Murine cytomegalovirus (mCMV) is a member of the highly divergent group of herpesviruses. Even the cytomegaloviruses of different host species vary greatly. For example, mCMV differs significantly from human cytomegalovirus (hCMV) in biological properties, the composition of the Immediate Early (IE) gene, and the overall nucleotide sequence. The 235kbp genome of mCMV also lacks the characteristic large internal and terminal repeats of hCMV. Thus, there are no isomeric forms of the mCMV genome (Ebeling, A et al, (1983), J.Virol.47, 421-.

A "promoter" is defined as a DNA sequence that mediates initiation of transcription by directing RNA polymerase to ligate to DNA and initiate RNA synthesis. The mCMV promoter is known to be a strong promoter, i.e. a promoter that is capable of causing high frequency transcription. Furthermore it is known that the presence of the mCMV promoter in a vector will enhance transfection efficiency into CHO cells, preferably with a vector comprising a first transcription unit for a heterologous gene, which first unit causes the host cell to express the protein product, and a second transcription unit comprising a Glutamine Synthetase (GS) marker gene, which first transcription unit is under the control of the mCMV promoter.

The promoter used in the present invention may also be a functional fragment of the mCMV promoter or a functional sequence variant thereof. Thus, any sequence variant or fragment of the mCMV promoter that has the function of mediating transcription initiation or is capable of mediating transcription initiation and thereby driving expression of a recombinant or heterologous product gene transiently or stably may be used as the mCMV promoter. "functional variants" of the mCMV promoter include the native mCMV sequence containing base insertions, deletions or point mutations, which can be generated by methods well known in the art, such as primer-directed PCR, 'error-prone PCR', PCR-reassembly of overlapping DNA fragments, known as 'gene recombination', or by first randomly mutagenizing bacterial clones in vivo, followed by library transfection and functional selection in CHO cells. For example, random mutagenesis can be achieved by alkylating chemicals or UV radiation, as described in Miller, J., "Experiments in Molecular Genetics", Cold spring Harbor Laboratory (1972). Optionally, a naturally occurring mutant strain of the host bacterium may be employed. Preferably, the DNA sequence of such variant sequences is at least 65% homologous, more preferably 75% homologous, most preferably 90% homologous to the corresponding portion of the native mouse CMV promoter. An example of a functional sequence variant of the mCMV promoter is a promoter sequence containing a transcription start site that has been genetically engineered to provide suitable restriction sites for insertion of recombinant product genes.

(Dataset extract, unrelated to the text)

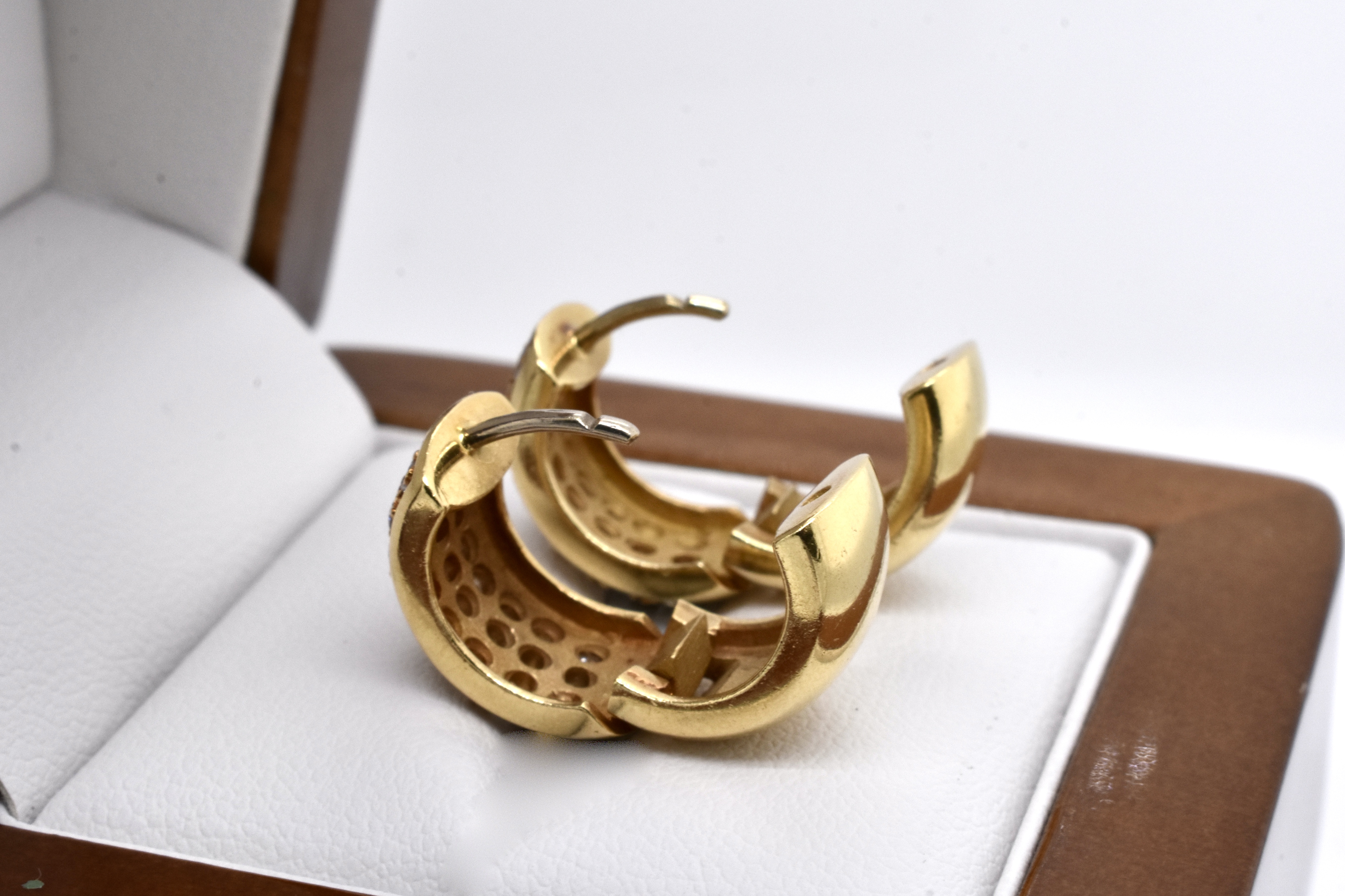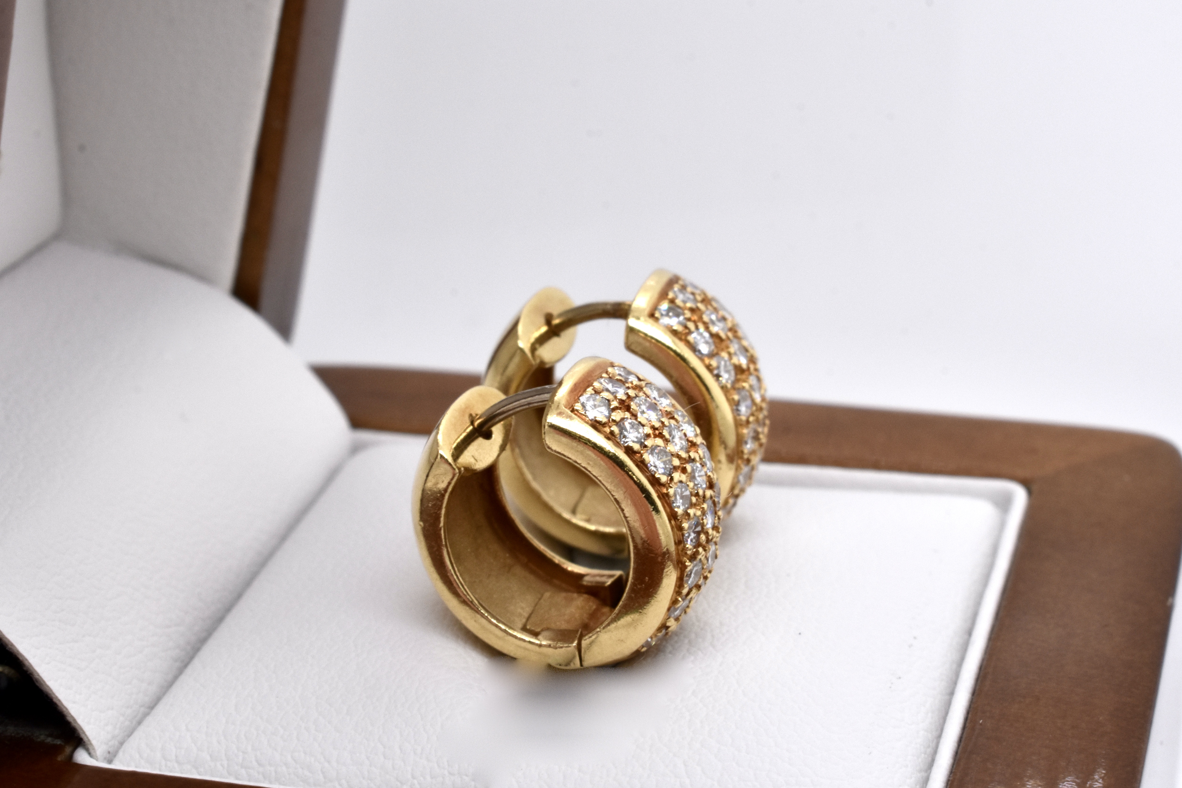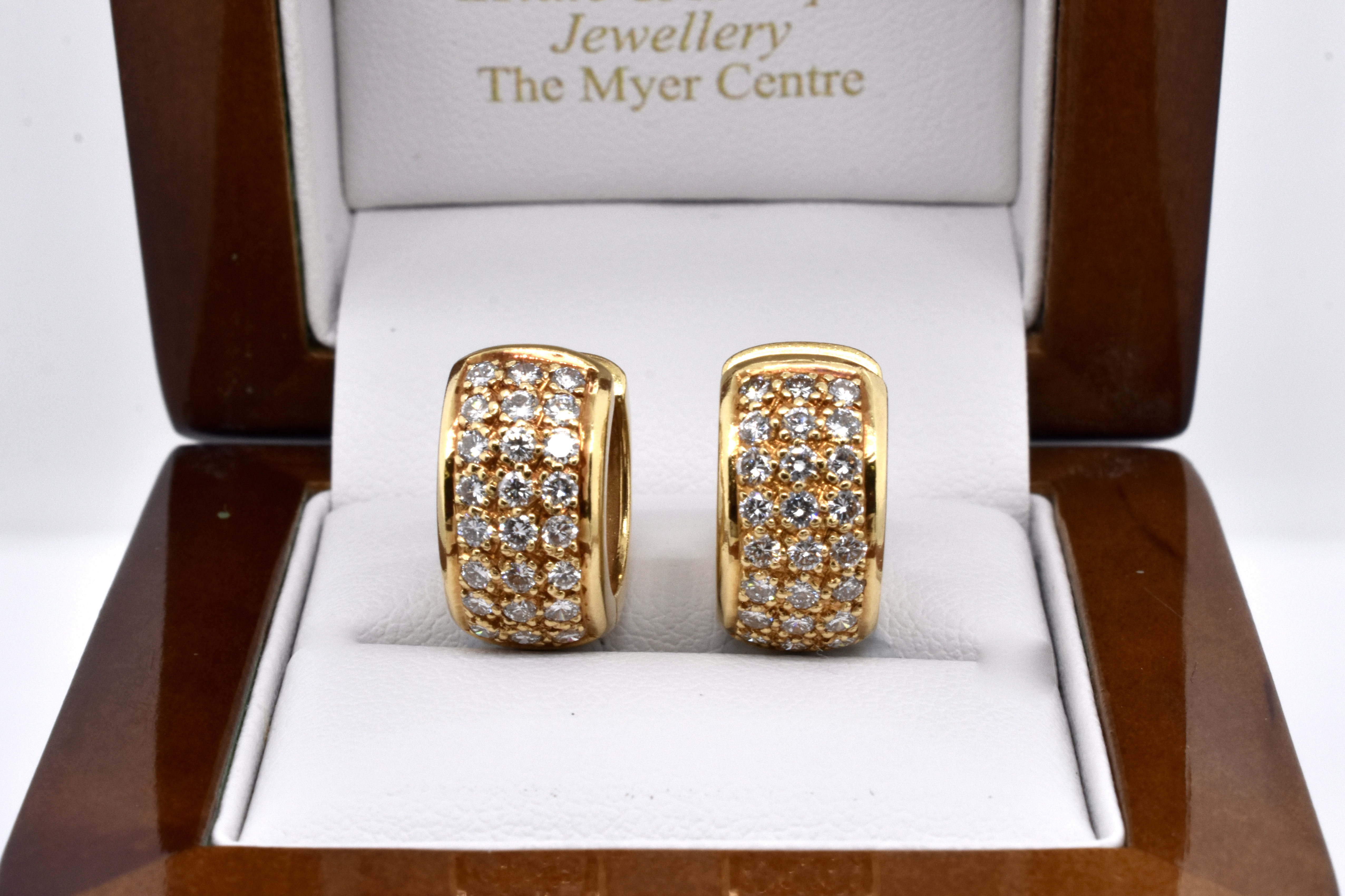 A sparkling pair of 18ct yellow gold wide huggies, with a total of 42 shimmering I/SI diamonds equalling 1.00ct grain set to the front half of the huggie with hinged post closures. Huggies measure 16mm in diameter and 8.25mm wide with a weight of 13.05 grams

In a preferred embodiment of the invention, the mCMV promoter used corresponds essentially to the about 2.1kb PstI large fragment described in U.S. Pat. No. 4,968,615. In another preferred embodiment, the mCMV promoter used is a fragment comprising the transcription start site (+0) and extending upstream to about-500. In another preferred embodiment, a core promoter is employed that extends upstream from the transcription start site to the XhoI restriction site (at about-150 positions from the natural transcription start site) or even to-100 positions upstream from the natural transcription start site. In yet another preferred embodiment, the mCMV promoter used is a fragment from-491 to +36 or a fragment from-1336 to +36 of the mCMV promoter, as described in Addison et al, J.Gen.Virol.78 (1997), 1653-1661.

In a preferred embodiment of the invention, the first hCMV intron (hCMV intron A or human CMV intron A) used substantially corresponds to the 823bp sequence as defined by Chapman et al, Nucleic acids Research, 19(1991), 3979-.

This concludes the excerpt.